From the email inbox:
A writer contends Monday’s “At Large” was “a little harsh” regarding “Arnold Palmer Regional Airport’s need to bribe an airline to offer flights to and from the facility.”
“Especially after seeing the bribes that Pittsburgh International Airport hands out,” he adds.
But government bribes long have been par for the course, reminds this wag with whom I regularly converse.
“I cannot think of any large project in the commonwealth that hasn’t involved a government bribe,” he writes.
“The bribes are a function of the dysfunctional system whereby various levels of government each have their own rules regarding any project that someone wants to pursue.
“Pennsylvania’s answer to streamline the process is to add an additional layer of government functionaries to guide people through the byzantine regulatory process.

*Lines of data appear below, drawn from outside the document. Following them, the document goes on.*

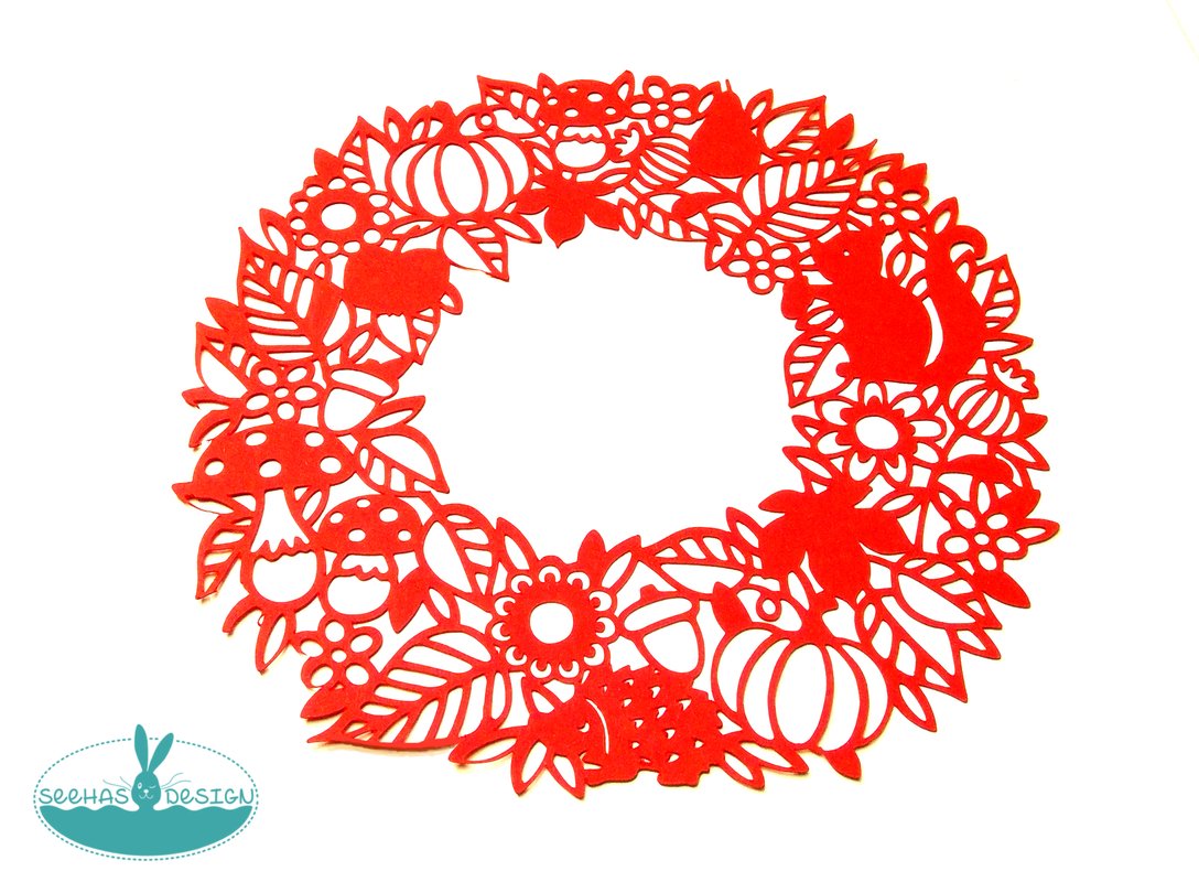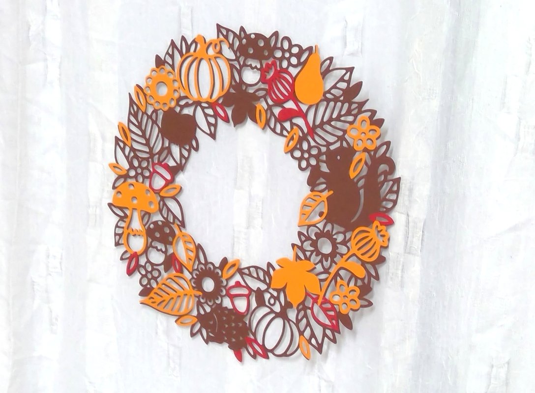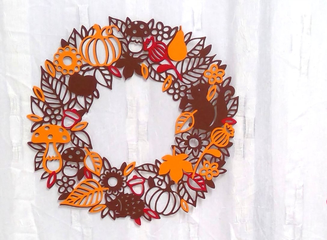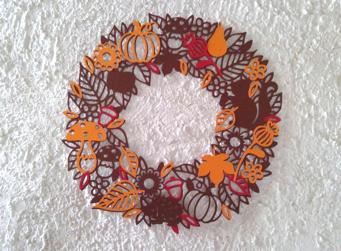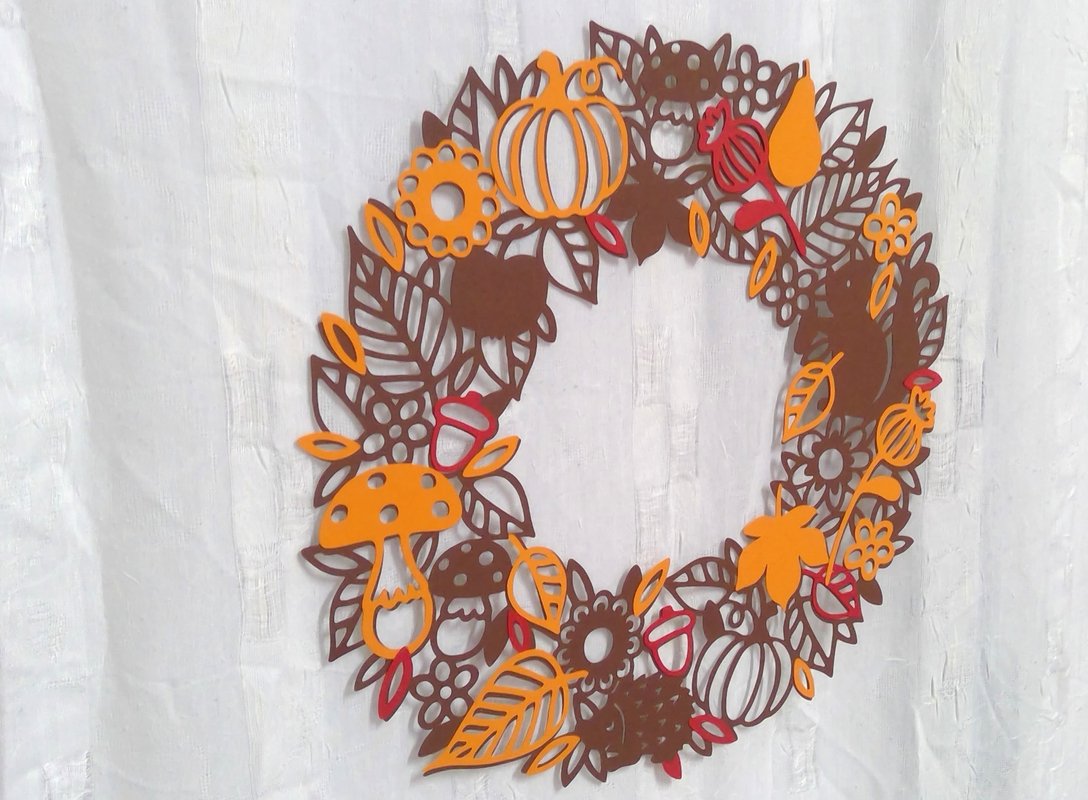 Die Plotterdatei Herbstkranz kann mit Papier, Folie oder anderen Materialien geplottet werden.
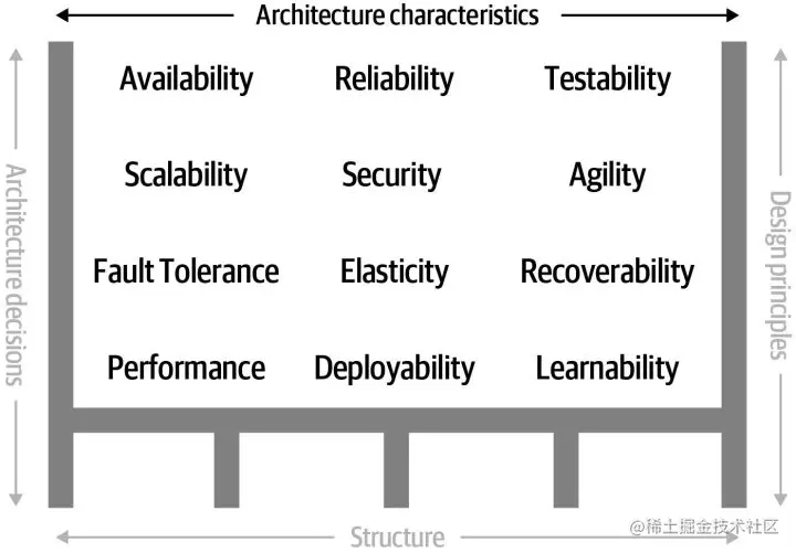 Mark Richards和Neal Ford在书中,从四个维度上对软件架构进行了描述,分别是Structure、Architecture characteristics、Architecture decisions和Design principles。
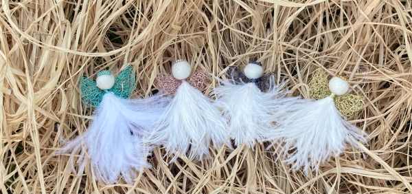 Englene kommer i en liten lukket plastpose. Strutsefjærene kan da framstå nokså "flate". Men får de luft under vingene, bokstavelig talt, så vil fjærene bli voluminøse. Og jo lenger de henger i luft, dess mer vil de bruse!
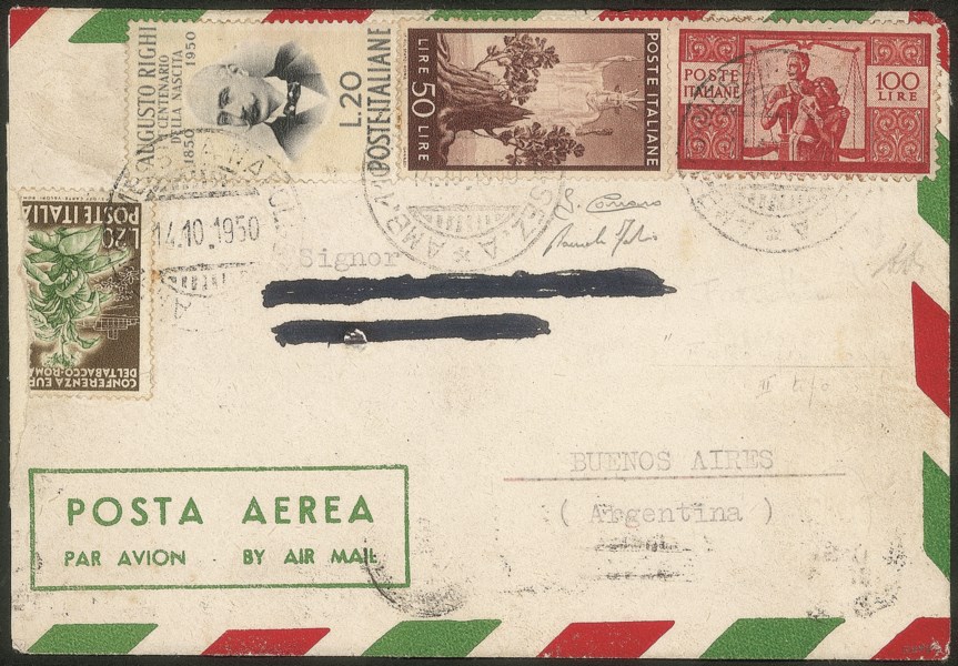 Italia - Repubblica - Falsi di Bueons Aires - Falso di Buenos Aires - II tiratura - busta affrancata con 100 lire Democratica (F565A)

“Things are so unnecessarily complex here that, for example, you need an occupancy permit, not just for a facility; you also need an additional occupancy permit to put in a curb cut to provide ingress and egress to an establishment,” he says.
My faithful correspondent recounts how when he lived in Houston (Texas) many decades ago, they had no zoning regulations. “They handled everything through deed covenants. Developers knew up front the restrictions that they faced,” he says.
“Meanwhile, back here, my local municipality decided to replace some park benches in the municipal parks. They filled out a Department of Conservation and Natural Resources grant form to pay for them.
“The funding for park improvement projects is provided by a tipping fee that is levied on garbage trucks that empty their loads at Pennsylvania landfills. Needless to say, the approval processes take time and in the business world time is money. Then they wonder why it takes forever to get anything done around here.
“Of course, the politicians are very quick to show up with shovels and scissors, crowing about how the project would have never gotten done without them,” the wag says.
“Our current governor loves publicizing his ability to hand out other people’s money. He has an entire staff devoted to making him look good.”
But, “What the politicians don’t discuss is all the projects that never get done because of the archaic approval processes required to make anything happen.”